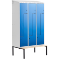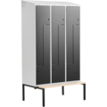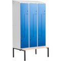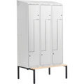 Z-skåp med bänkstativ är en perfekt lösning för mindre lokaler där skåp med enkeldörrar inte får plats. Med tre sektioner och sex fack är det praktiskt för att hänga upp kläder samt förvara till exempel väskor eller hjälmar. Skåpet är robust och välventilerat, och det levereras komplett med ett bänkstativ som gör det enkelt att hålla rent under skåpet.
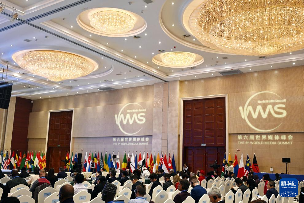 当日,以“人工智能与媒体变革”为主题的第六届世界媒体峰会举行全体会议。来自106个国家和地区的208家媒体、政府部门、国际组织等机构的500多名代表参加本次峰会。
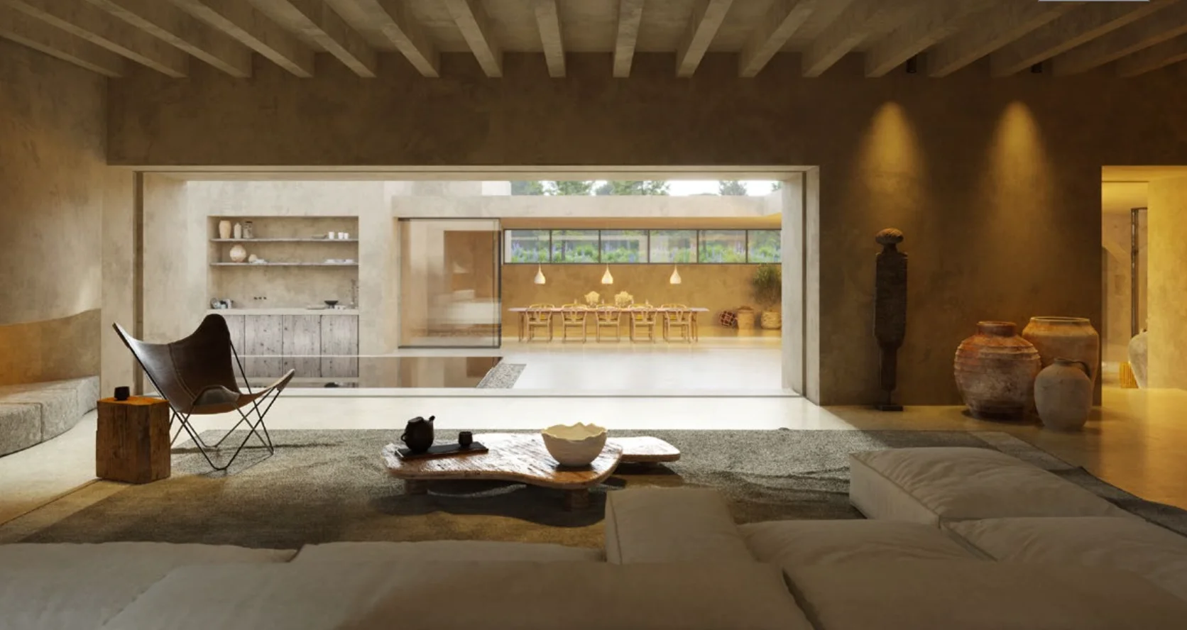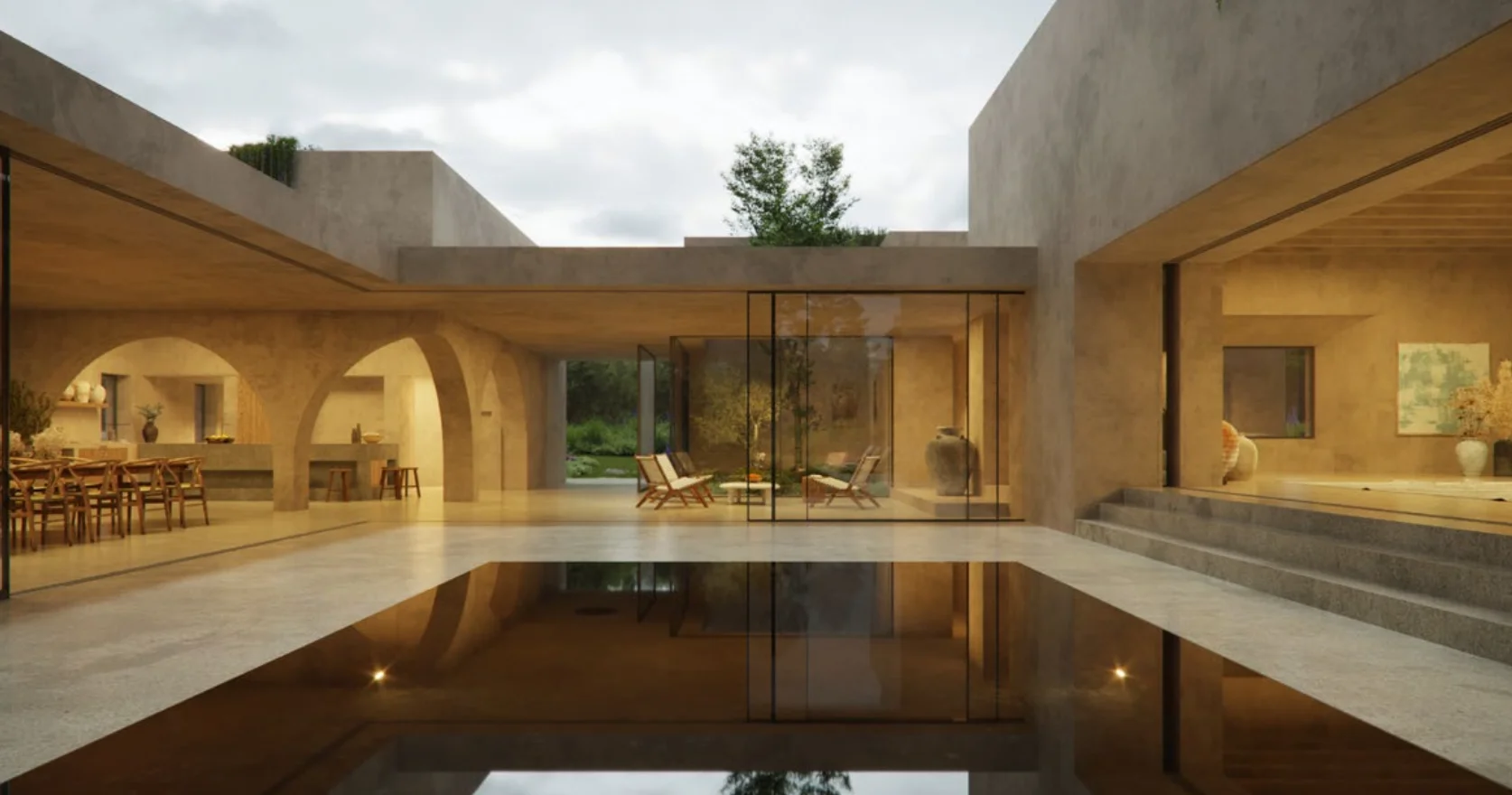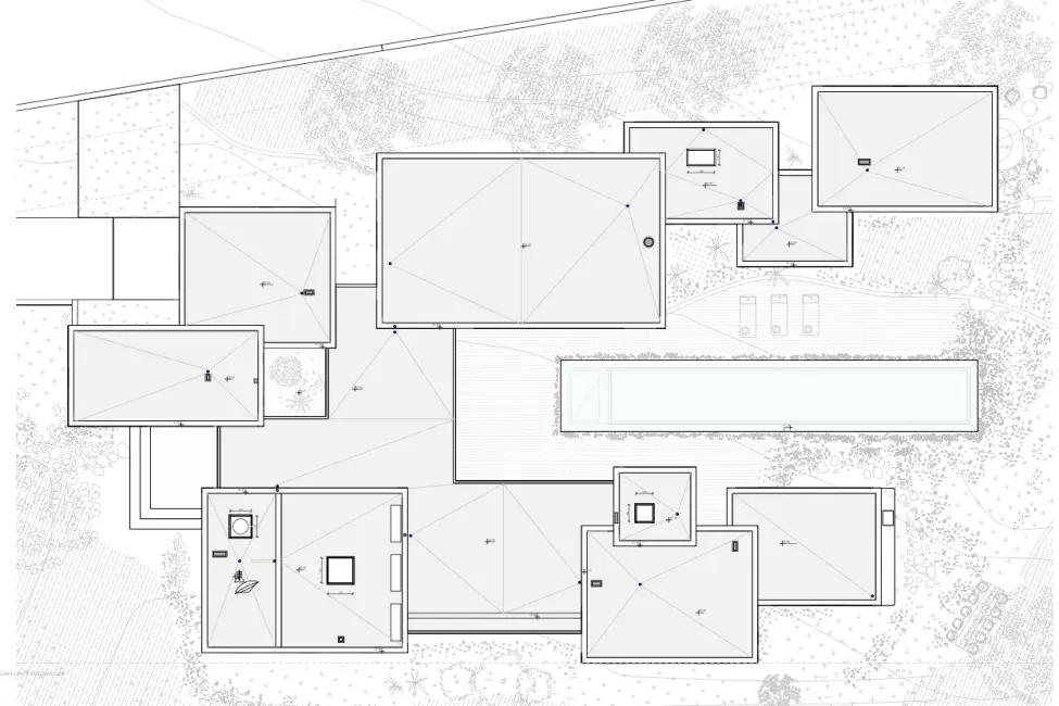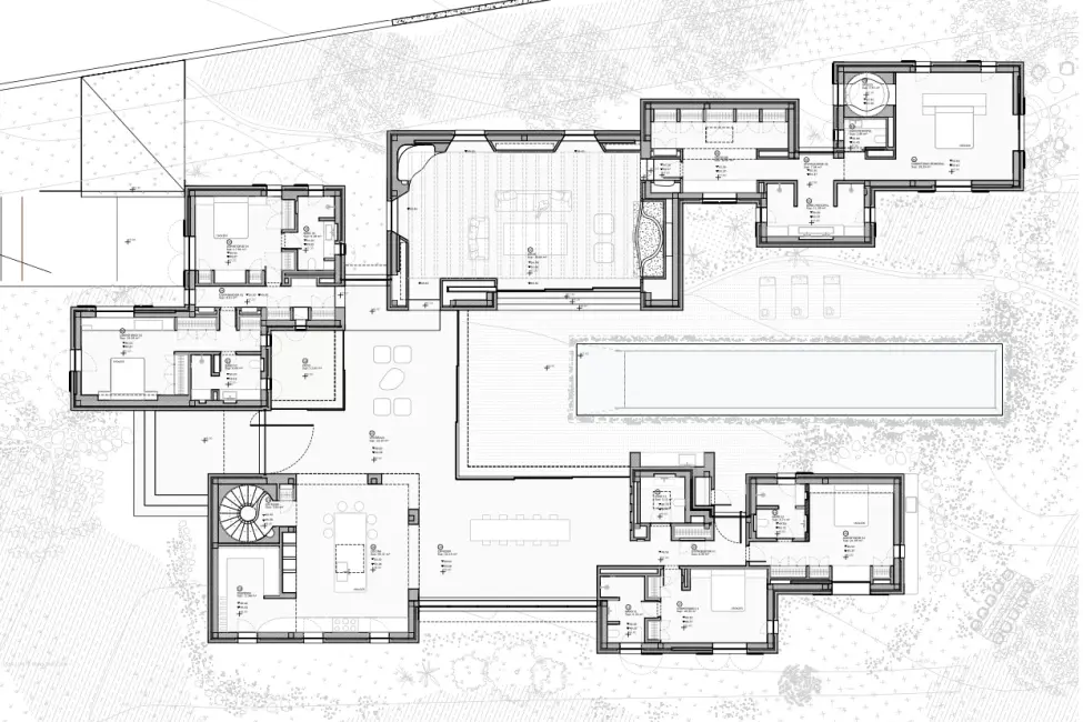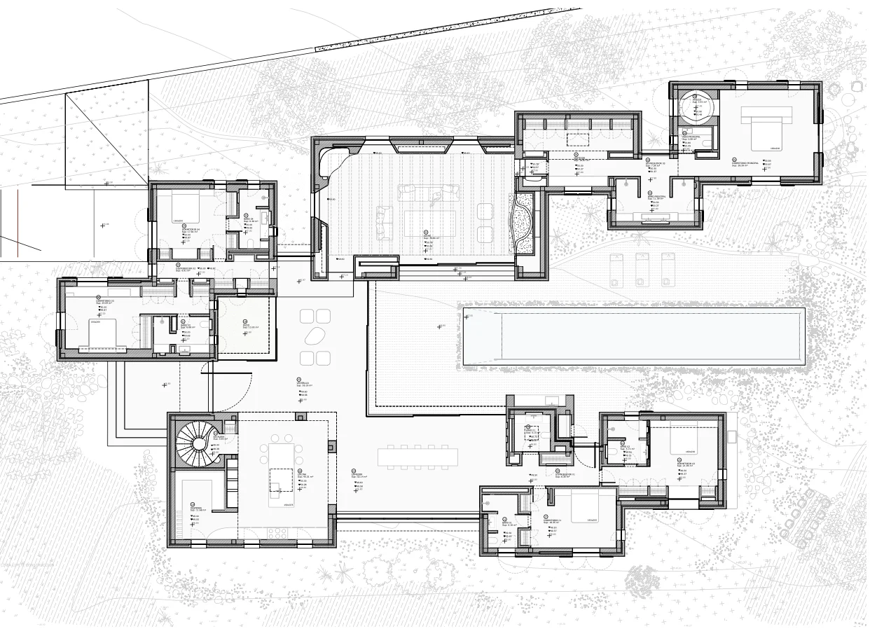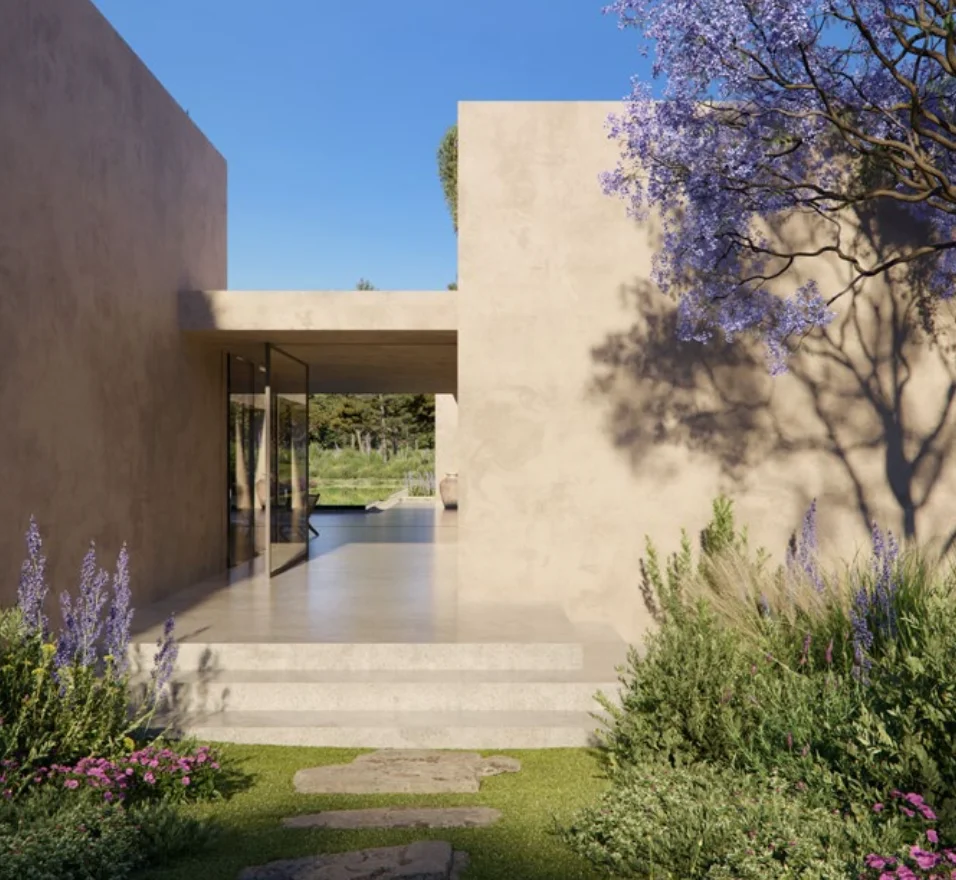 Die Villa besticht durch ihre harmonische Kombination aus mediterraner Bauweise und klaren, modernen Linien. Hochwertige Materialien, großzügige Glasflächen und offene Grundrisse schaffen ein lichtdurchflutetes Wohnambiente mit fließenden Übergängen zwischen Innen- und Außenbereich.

──────

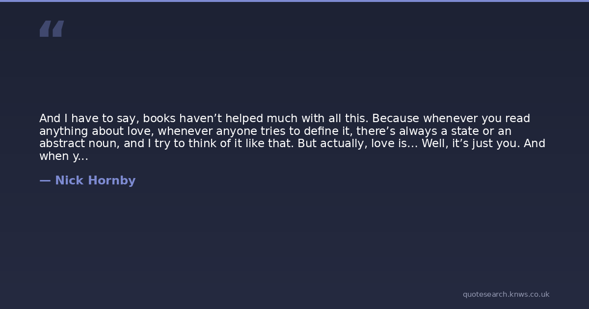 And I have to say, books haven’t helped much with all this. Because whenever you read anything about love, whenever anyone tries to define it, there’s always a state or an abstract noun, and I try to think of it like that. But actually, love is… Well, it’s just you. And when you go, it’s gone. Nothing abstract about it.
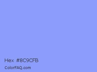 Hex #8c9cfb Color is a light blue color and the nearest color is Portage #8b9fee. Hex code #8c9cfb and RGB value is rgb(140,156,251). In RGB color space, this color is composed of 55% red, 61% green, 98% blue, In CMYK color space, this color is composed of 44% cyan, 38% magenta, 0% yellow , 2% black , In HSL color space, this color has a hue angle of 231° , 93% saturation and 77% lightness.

──────

> **Required action**
Of the lines above, copy only those from the one holding "Z-skåp med bänkstativ" to the one holding "Die Villa besticht", both included, and exclude every image.

> **Answer section**
 Z-skåp med bänkstativ är en perfekt lösning för mindre lokaler där skåp med enkeldörrar inte får plats. Med tre sektioner och sex fack är det praktiskt för att hänga upp kläder samt förvara till exempel väskor eller hjälmar. Skåpet är robust och välventilerat, och det levereras komplett med ett bänkstativ som gör det enkelt att hålla rent under skåpet.
 当日,以“人工智能与媒体变革”为主题的第六届世界媒体峰会举行全体会议。来自106个国家和地区的208家媒体、政府部门、国际组织等机构的500多名代表参加本次峰会。
 Die Villa besticht durch ihre harmonische Kombination aus mediterraner Bauweise und klaren, modernen Linien. Hochwertige Materialien, großzügige Glasflächen und offene Grundrisse schaffen ein lichtdurchflutetes Wohnambiente mit fließenden Übergängen zwischen Innen- und Außenbereich.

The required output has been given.